Orbital characteristics
- Semi-major axis: 0.01987+0.00020 −0.00021 AU
- Eccentricity: <0.15
- Orbital period (sidereal): 0.9255456 ± 0.0000013 d (22.213094 ± 3.1×10^{−5} h)
- Inclination: 86.3°±2.7°
- Semi-amplitude: 268±15 m/s
- Star: WASP-103

Physical characteristics
- Mean radius: 1.528+0.073 −0.047 R_{J}
- Mass: 1.455+0.090 −0.091 M_{J}
- Mean density: 0.511+0.068 −0.073 g/cm^{3}

= WASP-103b =

Hot Jupiter orbiting WASP-103

WASP-103b is an ultra-hot Jupiter orbiting around WASP-103, a late F8V-type main sequence star located in the Constellation of Hercules. It orbits at a distance of 0.019 AU with an eccentricity of 0.15. It significantly larger than Jupiter being roughly 1.5 times its mass and 1.6 times its radius. The planet has an oval shape similar to that of a rugby ball. This is due to the force of gravity exerted by its parent star. It is the first exoplanet to have a deformation detected.

== Discovery ==
WASP-103b was discovered by Gillon et al. (2014) in the year 2014 via the transit method. The star WASP-103 was observed by the southern station of the WASP (Wide Angle Search for Planets) survey during three observing seasons conducted in 2010 from May 15 to August 16, 2011 from March 26 to August 20 and 2012 from March 25 to June 28. The star was considered a high-priority candidate target due to the presence of a transit-like signal that occurred every ~0.926 days. Follow-up observations would then be done on the star with the TRAnsiting Planets and PlanetesImals Small Telescope (TRAPPIST). These follow-up observations observed three transits.

== Orbit ==
WASP-103b is a ultrashort period (USP) planet that orbits at a distance of 0.01986 astronomical units (AU) taking only 22.2 hours to complete an orbit around its parent star. It has an orbital eccentricity of 0.15.

=== Orbital decay ===
WASP-103b is a strong candidate to be effected by tidally-induced orbital decay. Birkby et al. (2014) calculated that orbital decay, if present in several close-in planets including WASP-103b, would cause a shift in the transit time of the planet over a period of around a decade. The detection of such shifts in transit time would require precise observations of WASP-103b occurring over many years along with ephemeris against which to measure deviations from strict periodicity. A study carried out by Patra et al. (2020) aimed to detect evidence for orbital decay in several hot Jupiters including WASP-103b. However none of the planets observed in the study, except for WASP-12b and possibly WASP-19b, showed convincing evidence of orbital decay. However further observations of these planets have been encouraged.

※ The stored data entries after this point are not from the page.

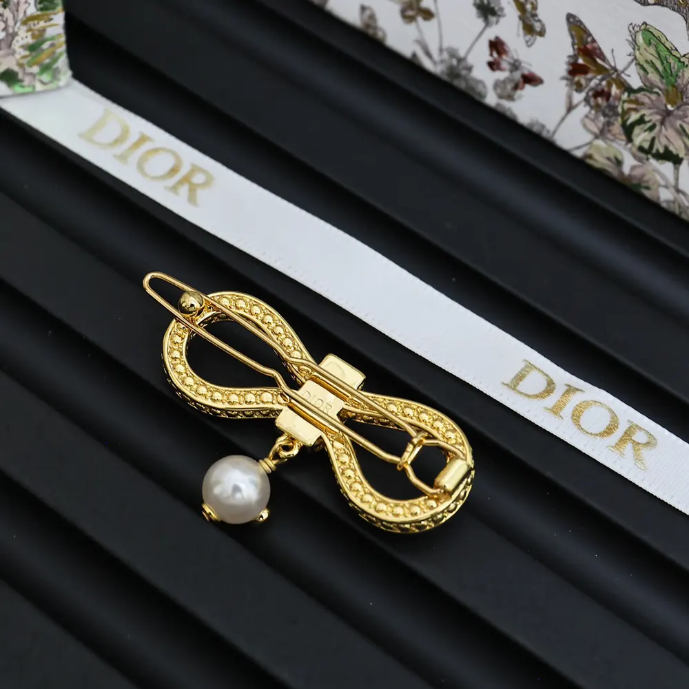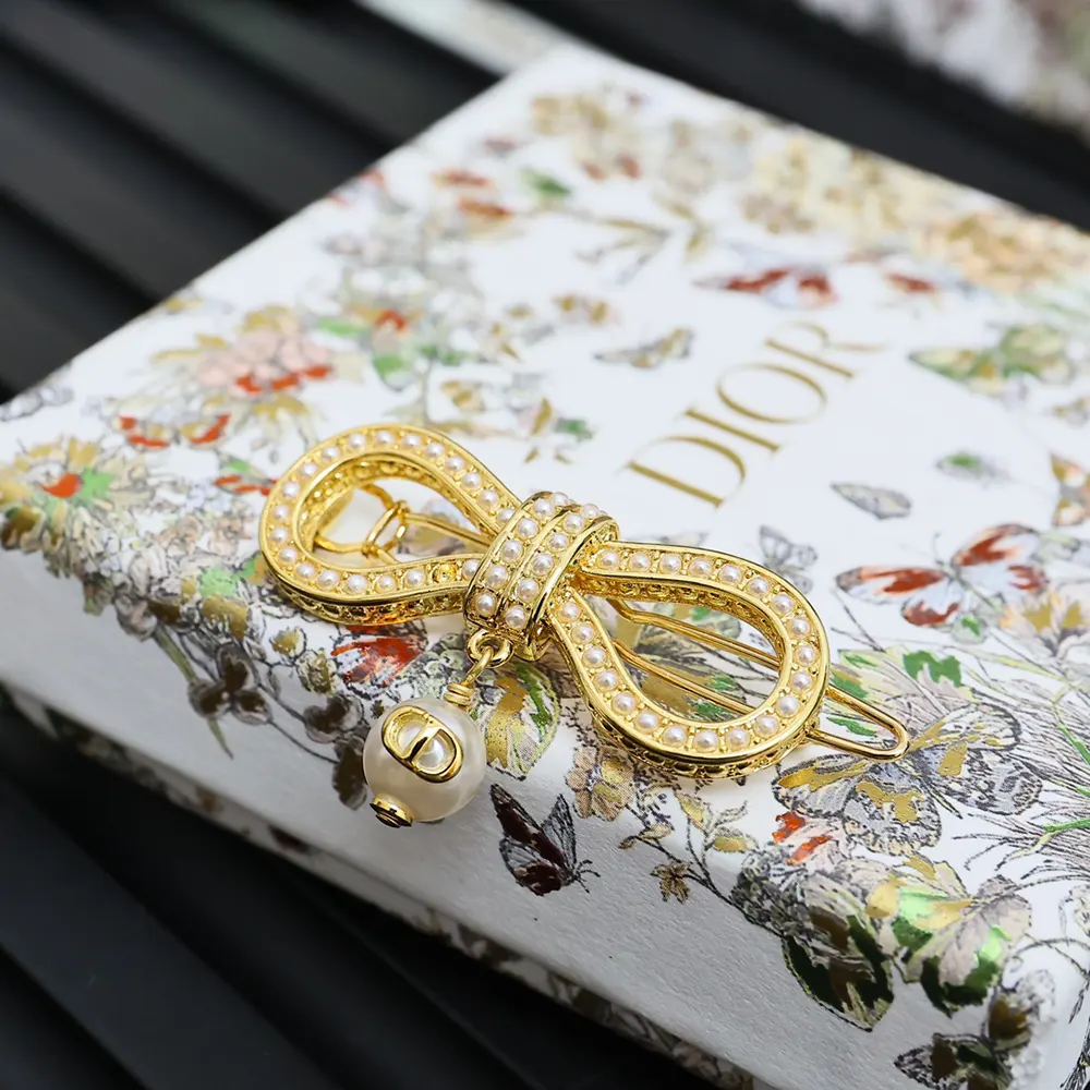 Dior Women Le Nœud de Dior Barrette Champagne-Finish Metal with a White Resin Pearl
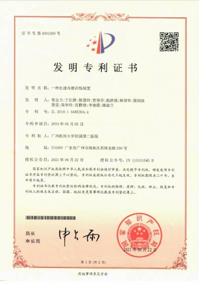 截止2021年7月7《一种血透内瘘训练装置》获得了国家专利局发明专利授权(见图17-18),此装置可以有效解决动静脉内瘘手术者因缺乏专业的功能锻炼专门器械,自身的内瘘功能锻炼使得恢复周期长,发生并发症的等问题。实现了规范量化、机械的辅助内瘘功能训练,提高了动静脉内瘘术后患者功能锻炼的积极性,有量化指标考评的功能训练器械有利于患者进行规范化功能锻炼训练,大大提升康复效果,具有一个里程碑的意义。
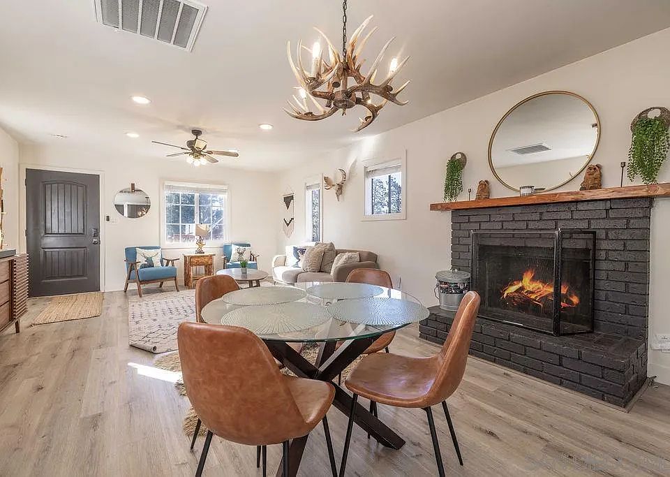 Your Year-Round Mountain Getaway Awaits – Ideal for both summer and winter adventures. This charming 2-bedroom, 2-bath cabin is tucked away in a quiet neighborhood near the lake and village, offering the perfect balance of relaxation and convenience. Upstairs, enjoy an open-concept living space with a cozy brick fireplace, an upgraded kitchen, and a master suite with private bath. The lower level functions as a granny-suite-style retreat with a second bedroom, full bath, and laundry—great for guests or extended stays. Step outside to unwind in the newer spa tub (under 2 years old) or gather around the backyard fire pit for s’mores and stargazing. Indoors, stream your favorite shows or enjoy a board game by the fire. Whether it’s hiking and biking in summer or skiing and snowboarding in winter, Snow Summit is just minutes away. Along the route, you’ll find local cafés, breakfast spots, and equipment rentals, with grocery stores and resort dining close at hand for added convenience.
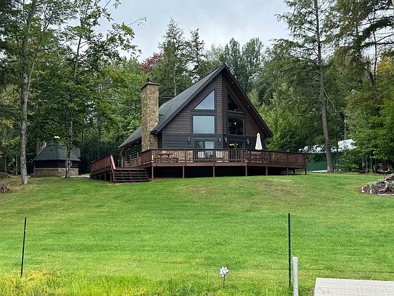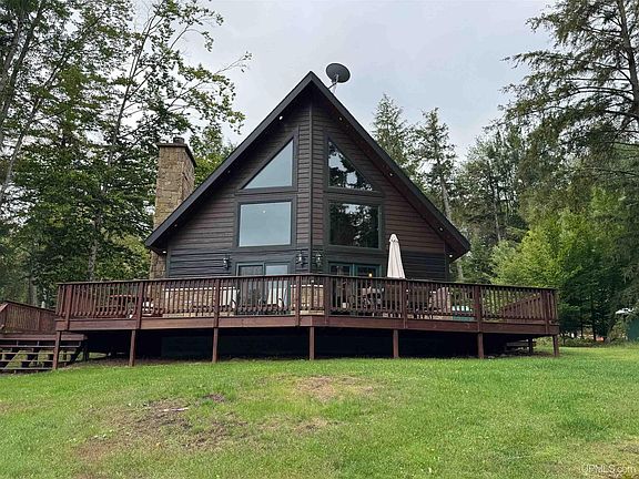 125x139 Stunning 3-bedroom, 2-bath A-frame home on Corner Lake with a primary suite featuring a walk-in shower, mini-splits for A/C, in-floor heat, and a cozy wood-burning stone fireplace. The modern kitchen boasts granite countertops with seating for six at the bar—perfect for entertaining or casual meals. Enjoy lake views from the large deck or relax on the covered front porch. Outdoors, entertain year-round with a unique indoor fire pit and wood-fired pizza oven, complete with electricity and seating—perfect for rainy days. Property includes a shed, dock, and plenty of room to build your dream garage. All of this on the well-desired Chain of lakes, with access into Deep lake, Skeels Lake, and Straight Lakes. A beautiful sandbar is just a quick kayak/boat ride away—perfect for gathering with friends and family for volleyball and fun in the sun!
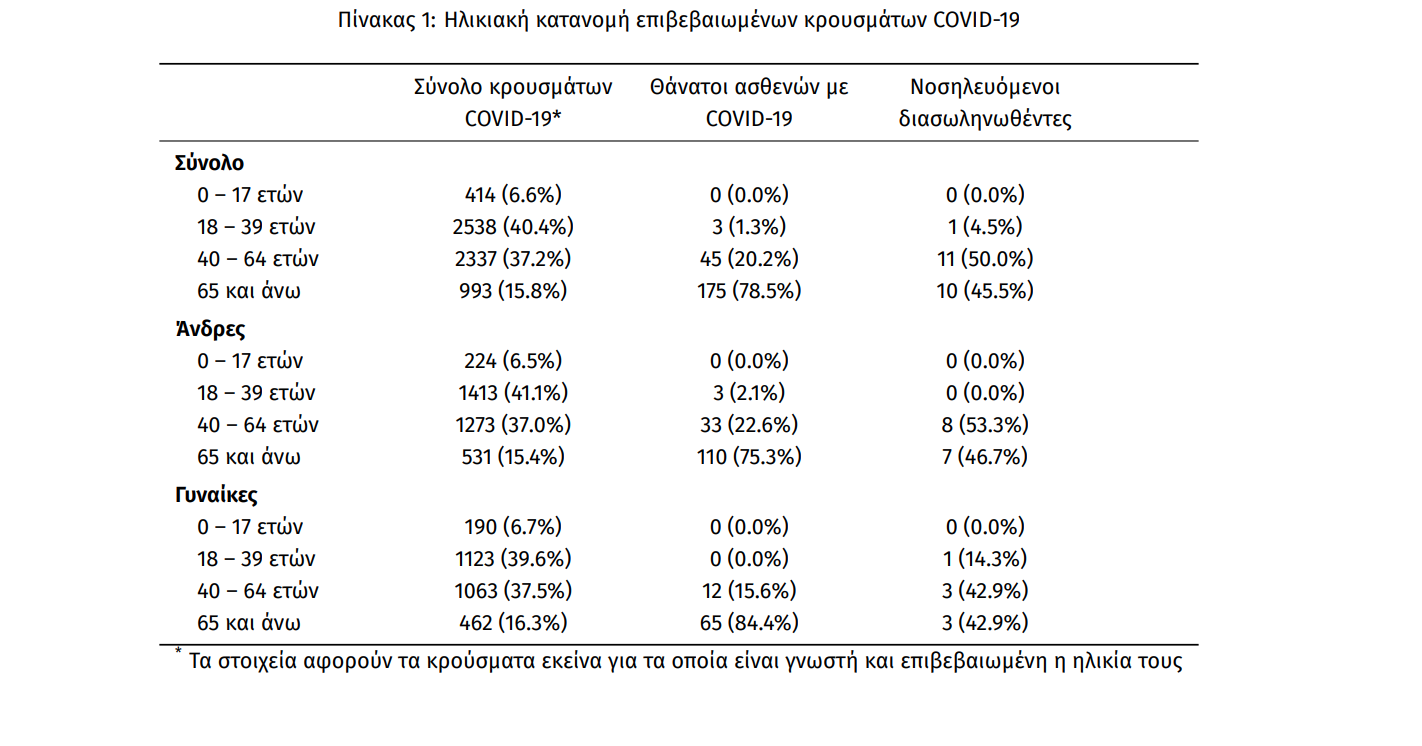 Τέλος, έχουμε 2 ακόμα καταγεγραμμένους θανάτους και 223 θανάτους συνολικά στη χώρα. 77 (34.5%) γυναίκες και οι υπόλοιποι άνδρες. Η διάμεση ηλικία των θανόντων συμπολιτών μας ήταν τα 77 έτη και το 96.0% είχε κάποιο υποκείμενο νόσημα ή/και ηλικία 70 ετών και άνω.

Despite orbiting very close to its parent star, it seems that WASP-103b is moving away from it, instead of getting closer. This gives rise to the theory that it is a binary system, or that the orbit of the exoplanet in question is elliptical.

== Characteristics ==
WASP-103b is significantly more massive than Jupiter being 1.49 times more massive with a radius of about 1.603 ±0.052 Jupiter radii. It experiences extreme irradiation from its parent star at ~9x10^{9} ergs s^{-1} cm^{-2}. The temperature of WASP-103b ranges from day to night with the dayside being significantly hotter than the night. It has a temperature of 2930 ±40 Kelvin and an nightside temperature of 1880 ±40 K. This would make this planet around twenty times hotter than Jupiter. This data would suggest that WASP-103b has an interior structure similar to Jupiter.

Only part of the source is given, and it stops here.